For the potato diet, we started with case studies like Andrew Taylor and Penn Jilette; we recruited some friends to try nothing but potatoes for several days; and one of the SMTM authors tried the all-potato diet for a couple weeks.
For the potassium trial, two SMTM hive mind members tried the low-dose potassium protocol for a couple of weeks and lost weight without any negative side effects. Then we got a couple of friends to try it for just a couple of days to make sure that there weren’t any side effects for them either.
For the half-tato diet, we didn’t explicitly organize things this way, but we looked at three very similar case studies that, taken together, are essentially an N = 3 pilot of the half-tato diet protocol. No idea if the half-tato effect will generalize beyond Nicky Case and M, but the fact that it generalizes between them is pretty interesting. We also happened to know about a couple of other friends who had also tried versions of the half-tato diet with good results.

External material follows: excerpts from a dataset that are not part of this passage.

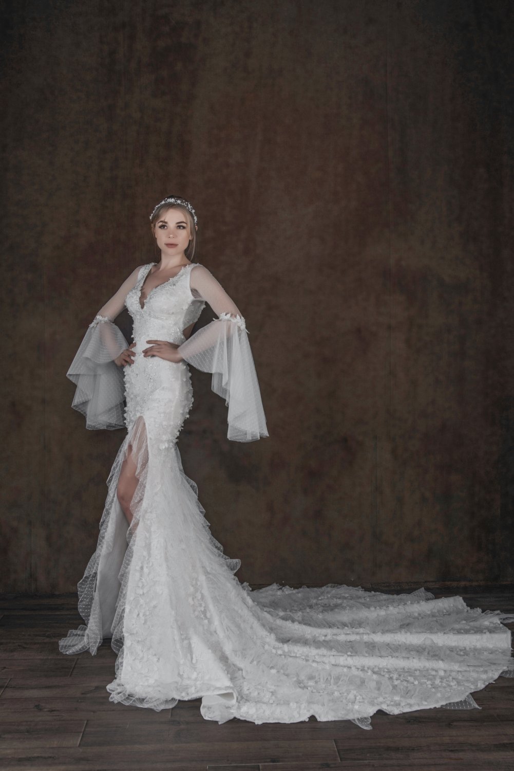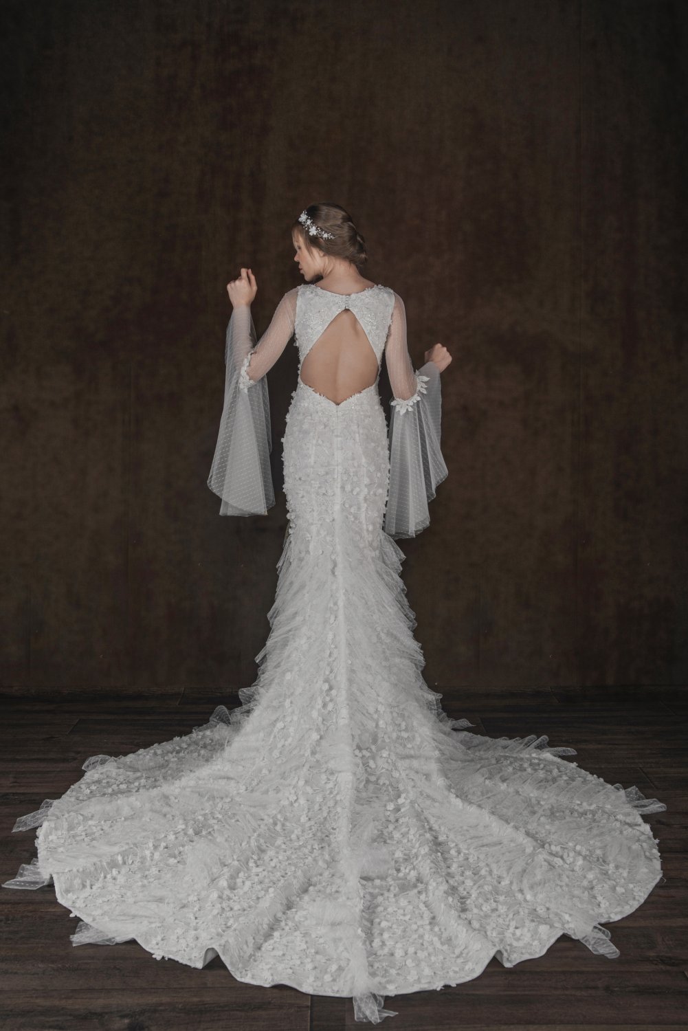 ÜÇ BOYUTLU ÇİÇEKLİ YIRTMAÇLI TÜL KOLLU BALIK MODEL
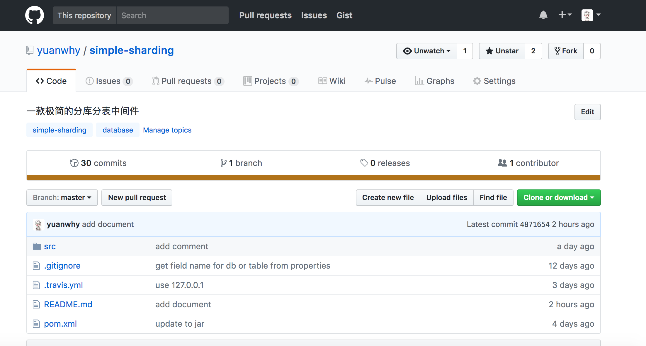 Simple-Sharding在JDBC API的基础上实现了一套新的数据源,内部提供了基本的分库分表支持,同时简单地实现了单库事务,基本上把分库分表中间件最核心的流程走通了一遍。作为研究性质的项目,Simple-Sharding目前还很年轻,不推荐在生产环境中使用,希望对于想学习分库分表中间件的同学有所帮助。
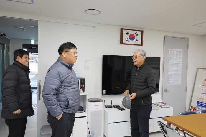 최근 이상균 경기 수원시 팔달구청장이 을사년 새해를 맞아 노인들의 안부를 확인하고 겨울철 난방 상태를 점검하기 위해 화서동에 위치한 꽃뫼경로당을 방문했다. 사진은 이 구청장(가운데)이 관계자와 이야기를 나누고 있는 모습 .(사진=팔달구청 제공)
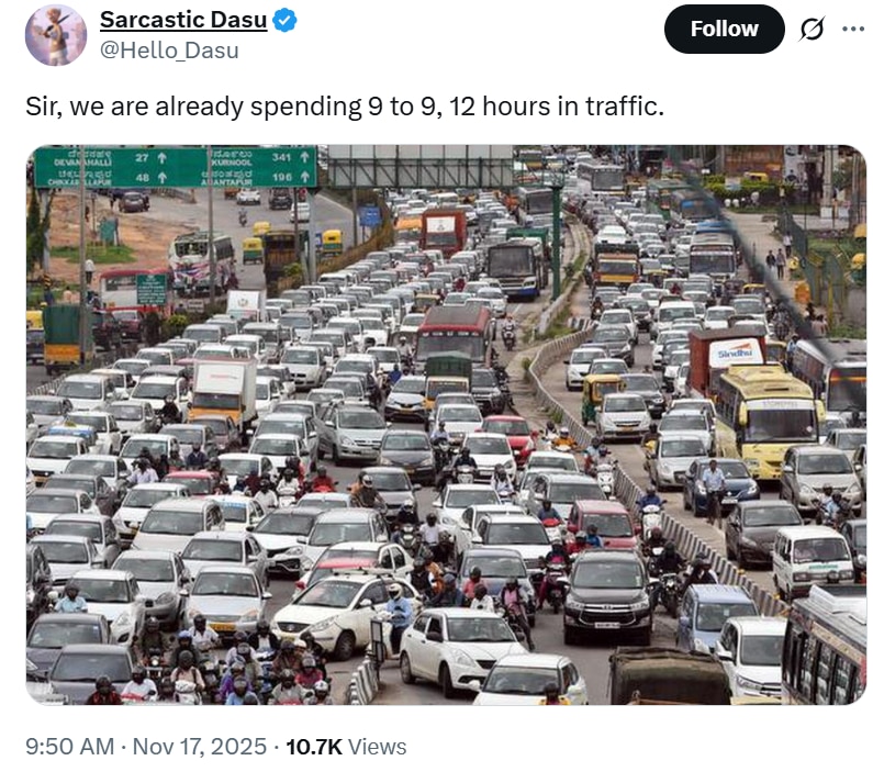 "Sir, we are already spending 9 to 9, 12 hours in traffic," a third user commented.

We think that in all of these cases, N of small was much more convincing than N = 1 would have been. With two people, it’s much less likely that the effect is a fluke. Even if it works for one person and not for the other, that’s still evidence that we shouldn’t expect the effect to be entirely consistent; we should expect more ambiguity. And for something where the risks are unclear, like with potassium, two people going through without any side-effects is much more reassuring than one.